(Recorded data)
________________

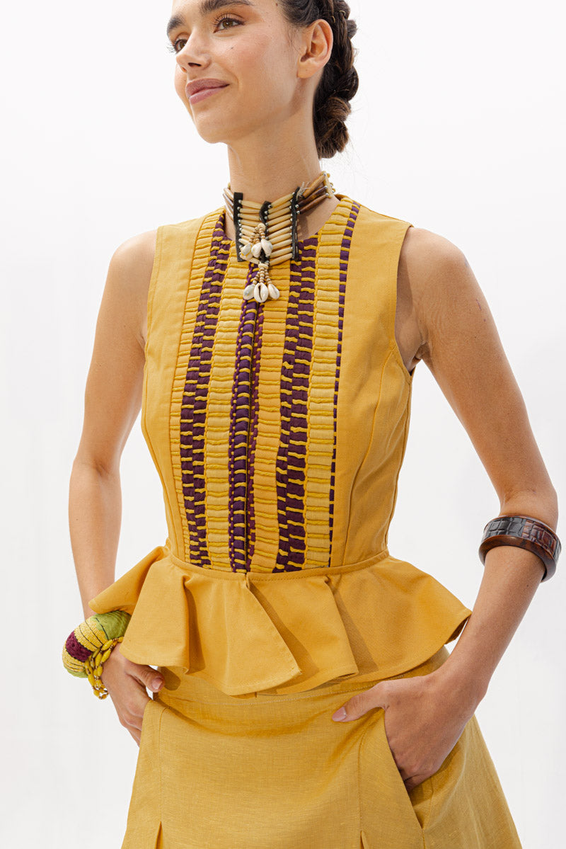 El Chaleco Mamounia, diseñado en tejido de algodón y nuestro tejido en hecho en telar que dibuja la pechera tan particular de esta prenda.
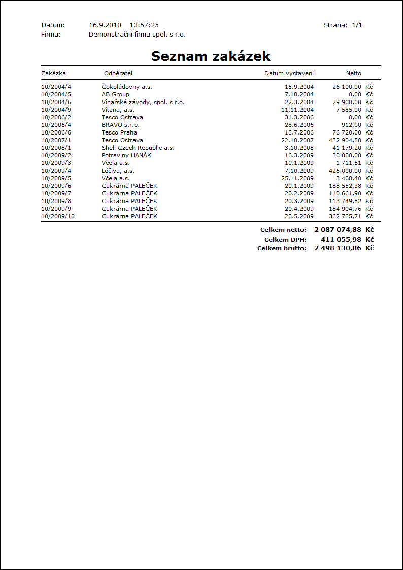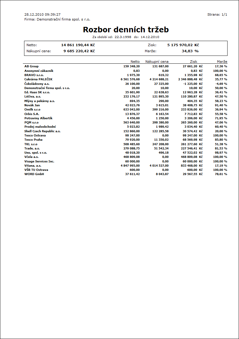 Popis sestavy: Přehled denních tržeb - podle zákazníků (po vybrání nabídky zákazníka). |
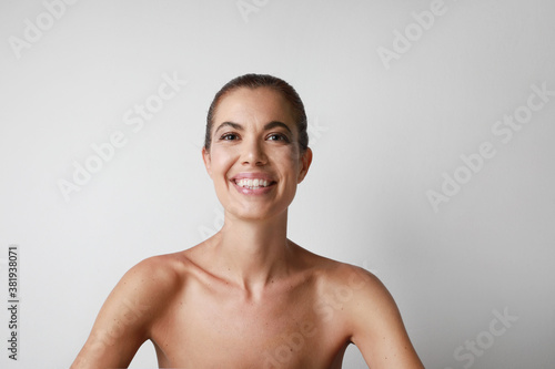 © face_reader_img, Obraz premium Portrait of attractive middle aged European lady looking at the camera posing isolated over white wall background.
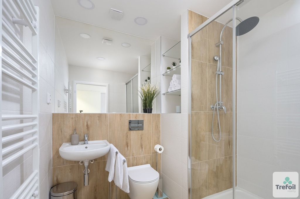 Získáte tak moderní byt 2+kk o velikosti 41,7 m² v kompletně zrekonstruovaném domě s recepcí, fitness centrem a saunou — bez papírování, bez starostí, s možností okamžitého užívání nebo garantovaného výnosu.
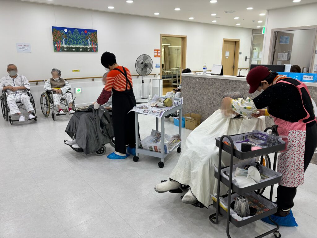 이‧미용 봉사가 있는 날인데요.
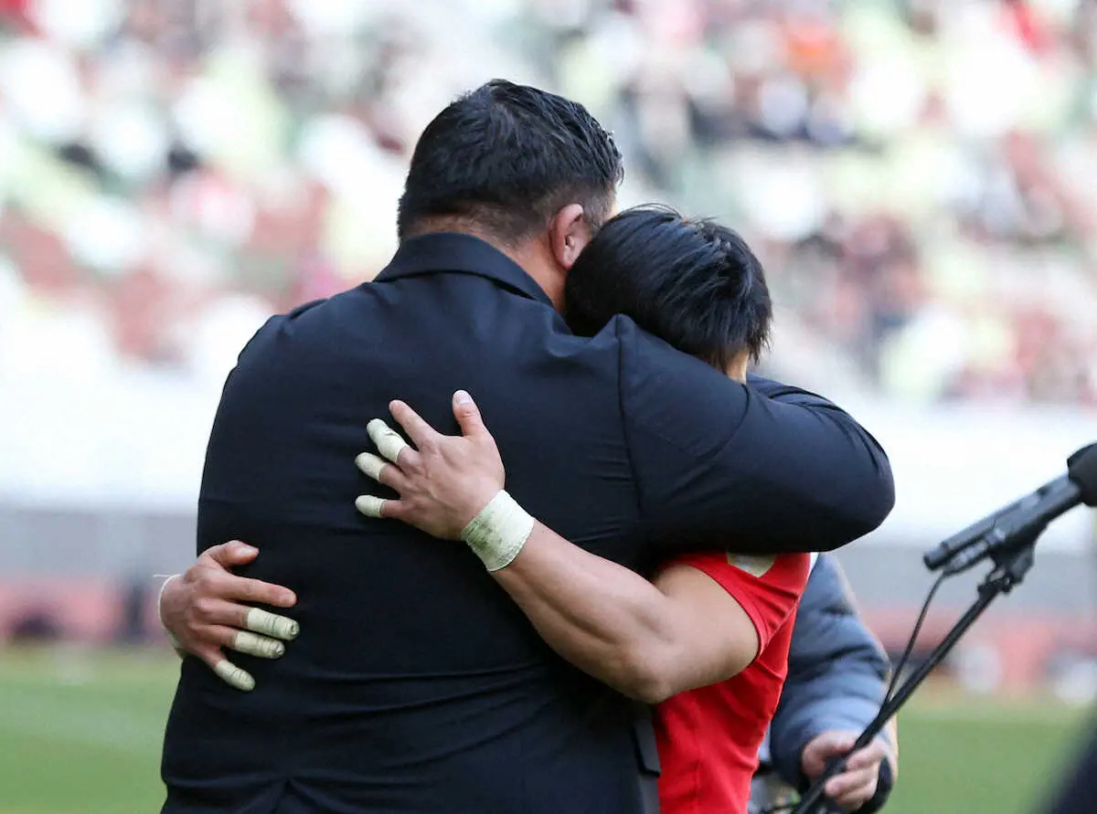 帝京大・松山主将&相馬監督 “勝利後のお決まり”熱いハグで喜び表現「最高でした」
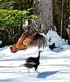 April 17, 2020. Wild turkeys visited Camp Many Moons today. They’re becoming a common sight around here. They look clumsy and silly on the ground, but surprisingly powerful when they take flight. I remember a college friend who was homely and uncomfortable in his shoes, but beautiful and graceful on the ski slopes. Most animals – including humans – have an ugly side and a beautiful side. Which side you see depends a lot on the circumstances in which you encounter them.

________________

§ **How to complete this task**: Take the line containing "Popis sestavy: Přehled" and every line after it up to the end of the data, and write them out exactly, without the pictures.

§ **Output of the task**:
 Popis sestavy: Přehled denních tržeb - podle zákazníků (po vybrání nabídky zákazníka). |
 © face_reader_img, Obraz premium Portrait of attractive middle aged European lady looking at the camera posing isolated over white wall background.
 Získáte tak moderní byt 2+kk o velikosti 41,7 m² v kompletně zrekonstruovaném domě s recepcí, fitness centrem a saunou — bez papírování, bez starostí, s možností okamžitého užívání nebo garantovaného výnosu.
 이‧미용 봉사가 있는 날인데요.
 帝京大・松山主将&相馬監督 “勝利後のお決まり”熱いハグで喜び表現「最高でした」
 April 17, 2020. Wild turkeys visited Camp Many Moons today. They’re becoming a common sight around here. They look clumsy and silly on the ground, but surprisingly powerful when they take flight. I remember a college friend who was homely and uncomfortable in his shoes, but beautiful and graceful on the ski slopes. Most animals – including humans – have an ugly side and a beautiful side. Which side you see depends a lot on the circumstances in which you encounter them.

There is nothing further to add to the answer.